→ ASSIGNED TASK: Copy the records below exactly, starting at the line that contains "Volkswagen menggunakan augmented" and ending at the line that contains "Magnum FLOW OE"; leave out any pictures.

→ RECORD EXTRACTS:

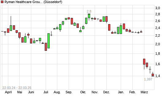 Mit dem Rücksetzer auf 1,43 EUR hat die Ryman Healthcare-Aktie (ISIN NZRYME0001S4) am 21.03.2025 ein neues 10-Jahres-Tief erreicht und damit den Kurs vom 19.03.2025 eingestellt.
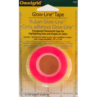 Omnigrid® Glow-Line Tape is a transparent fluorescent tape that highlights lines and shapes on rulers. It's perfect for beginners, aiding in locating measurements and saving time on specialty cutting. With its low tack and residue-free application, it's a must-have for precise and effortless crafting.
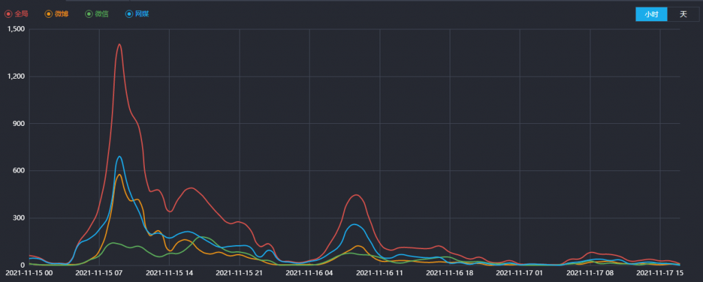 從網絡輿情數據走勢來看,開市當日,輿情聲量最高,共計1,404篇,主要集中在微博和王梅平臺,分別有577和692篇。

==

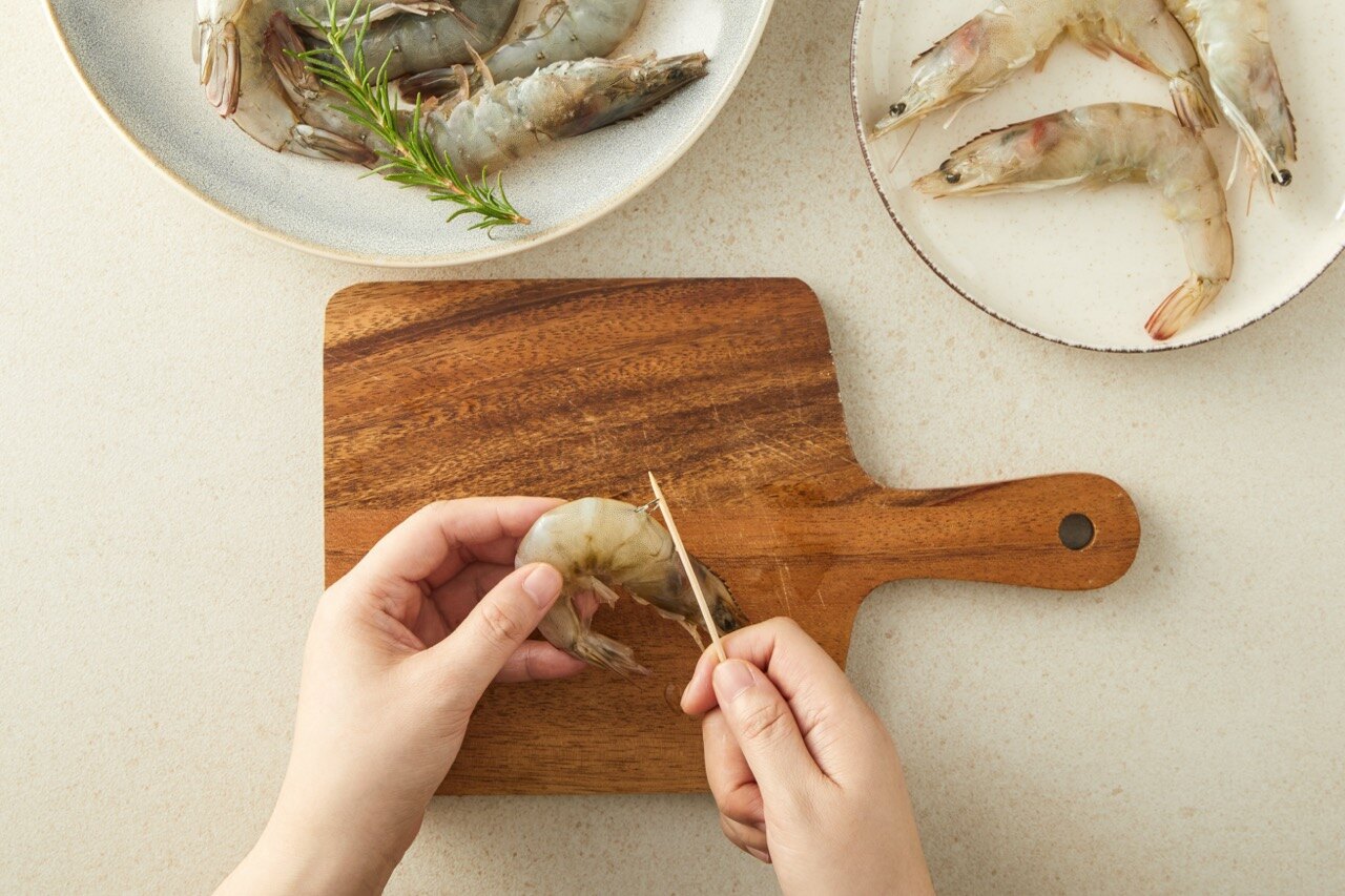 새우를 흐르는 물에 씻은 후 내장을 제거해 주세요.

* * *

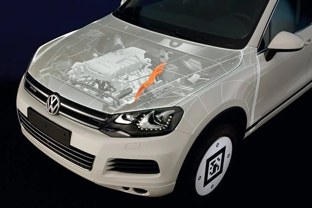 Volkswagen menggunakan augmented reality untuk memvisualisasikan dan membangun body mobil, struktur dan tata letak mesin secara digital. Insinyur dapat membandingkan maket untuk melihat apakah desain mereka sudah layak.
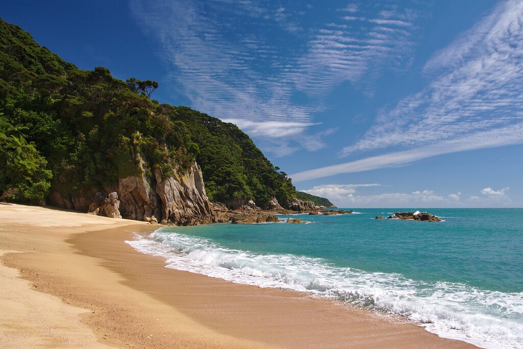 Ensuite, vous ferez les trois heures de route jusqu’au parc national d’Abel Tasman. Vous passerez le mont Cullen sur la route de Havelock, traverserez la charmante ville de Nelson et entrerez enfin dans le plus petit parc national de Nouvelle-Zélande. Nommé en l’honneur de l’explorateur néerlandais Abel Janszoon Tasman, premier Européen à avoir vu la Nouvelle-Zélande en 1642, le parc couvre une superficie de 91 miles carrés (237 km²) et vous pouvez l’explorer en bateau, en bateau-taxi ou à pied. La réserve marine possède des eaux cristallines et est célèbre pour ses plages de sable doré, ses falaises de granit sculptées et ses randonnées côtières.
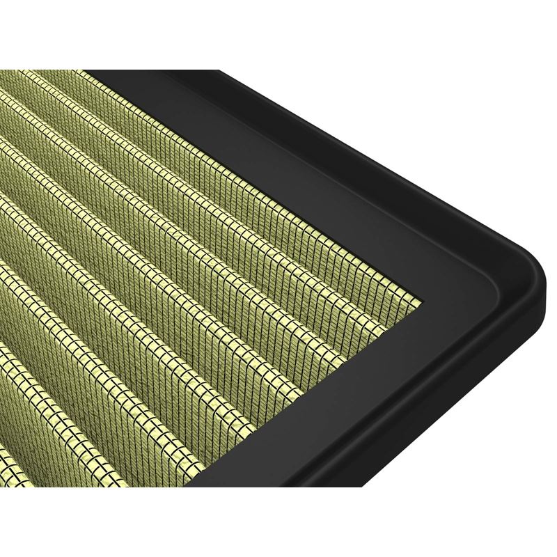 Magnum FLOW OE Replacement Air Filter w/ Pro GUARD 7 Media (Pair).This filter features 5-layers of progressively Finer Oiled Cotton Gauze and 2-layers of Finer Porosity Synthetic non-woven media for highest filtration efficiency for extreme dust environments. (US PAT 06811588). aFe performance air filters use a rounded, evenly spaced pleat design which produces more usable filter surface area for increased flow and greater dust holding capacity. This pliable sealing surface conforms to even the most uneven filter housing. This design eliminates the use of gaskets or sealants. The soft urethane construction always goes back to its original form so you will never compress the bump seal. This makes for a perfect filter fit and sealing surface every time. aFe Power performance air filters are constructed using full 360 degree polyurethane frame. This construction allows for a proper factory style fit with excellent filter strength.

→ SOLUTION TO THIS PROBLEM:
 Volkswagen menggunakan augmented reality untuk memvisualisasikan dan membangun body mobil, struktur dan tata letak mesin secara digital. Insinyur dapat membandingkan maket untuk melihat apakah desain mereka sudah layak.
 Ensuite, vous ferez les trois heures de route jusqu’au parc national d’Abel Tasman. Vous passerez le mont Cullen sur la route de Havelock, traverserez la charmante ville de Nelson et entrerez enfin dans le plus petit parc national de Nouvelle-Zélande. Nommé en l’honneur de l’explorateur néerlandais Abel Janszoon Tasman, premier Européen à avoir vu la Nouvelle-Zélande en 1642, le parc couvre une superficie de 91 miles carrés (237 km²) et vous pouvez l’explorer en bateau, en bateau-taxi ou à pied. La réserve marine possède des eaux cristallines et est célèbre pour ses plages de sable doré, ses falaises de granit sculptées et ses randonnées côtières.
 Magnum FLOW OE Replacement Air Filter w/ Pro GUARD 7 Media (Pair).This filter features 5-layers of progressively Finer Oiled Cotton Gauze and 2-layers of Finer Porosity Synthetic non-woven media for highest filtration efficiency for extreme dust environments. (US PAT 06811588). aFe performance air filters use a rounded, evenly spaced pleat design which produces more usable filter surface area for increased flow and greater dust holding capacity. This pliable sealing surface conforms to even the most uneven filter housing. This design eliminates the use of gaskets or sealants. The soft urethane construction always goes back to its original form so you will never compress the bump seal. This makes for a perfect filter fit and sealing surface every time. aFe Power performance air filters are constructed using full 360 degree polyurethane frame. This construction allows for a proper factory style fit with excellent filter strength.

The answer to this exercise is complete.